For us the equivalent requirement is:
1'. (SAFETY AND LIVENESS) $b_{new}.justify.node.view \geq v_{locked}$.
**Proof (sketch) of equivalence:**
First, I interpret "(1) (SAFETY) $b_{new}$ extends $b_{lock}$" as $b_{new}$ being in the branch starting from $b_{lock}$, i.e., connected to $b_{lock}$ via a chain of *justify* relations.
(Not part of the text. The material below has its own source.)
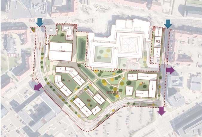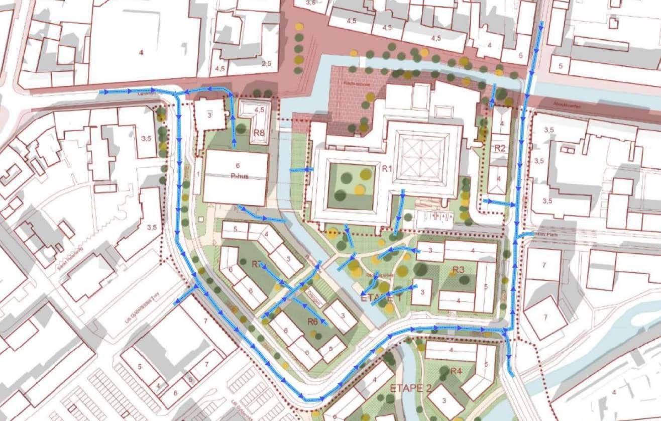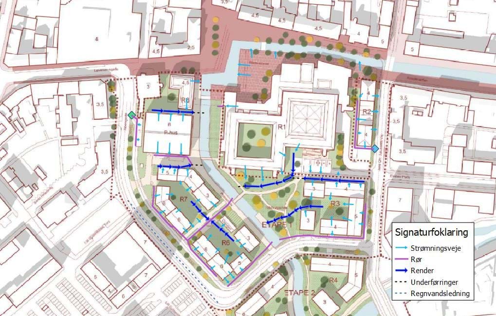 De overordnede strømningsveje ved ekstremregn som strømmer ind og ud af området ses på Figur 7.5. Før etablering af åloopet vil overfladevandet strømme fra Løvenørnsgade og gaden Rådhustorvet, hvor det samles og forsætter syd nedad Ribersgade. Ved Ribersgade strømmer overfladevand ud ved Lilli Gyldenkildes Torv, mens noget ekstremregn fortsætter ad Ribersgade og løber videre både mod syd af Jens Christian Juliussens Vej og øst af Emilies Plads. En større strømningsvej afvander også overfladevand ved ekstremregn ned gennem planområdet fra Åboulevarden både nord og nordøst via Jens Christian Juliussens Vej.

In our case, this implies "(1') $b_{new}.justify.view \geq v_{lock}$". The implication does not work the other way around, but:
* "$b_{new}.justify.view > v_{lock}$" implies (2) (LIVENESS) as discussed below, and
* "$b_{new}.justify.view = v_{lock}$" implies $b_{new}.justify = b_{lock}$ (since there is a unique proposal per view), which is a particular case of b_{new}$ extending $b_{lock}$.
Second, because in the paper height = view, clearly "(2) (LIVENESS) $b_{new}.justify.node.height > b_{lock}.height$" is equivalent to "(1') (SAFETY AND LIVENESS) $b_{new}.justify.node.view > v_{locked}$".
Hence, overall we have equivalence.
More intuitively, (1) from the paper requires that we propose a block in the branch extending from $b_{lock}$, thus eventually creating a 3-chain and committing $b_{lock}$. This is called "safety", because here the lock guards the safety of a commit in case a quorum of replicas locked and hence has a 3-chain that shall be committed.
If (1) doesn't hold, a proposal can still be valid because of (2), i.e., if the proposed block is proposed in a higher view (same as height in the paper) than $b_{lock}$. This is useful in case only a few (but not a quorum) of replicas locked $b_{lock}$, and others do not know about the lock (yet, they will eventually find out about the lock).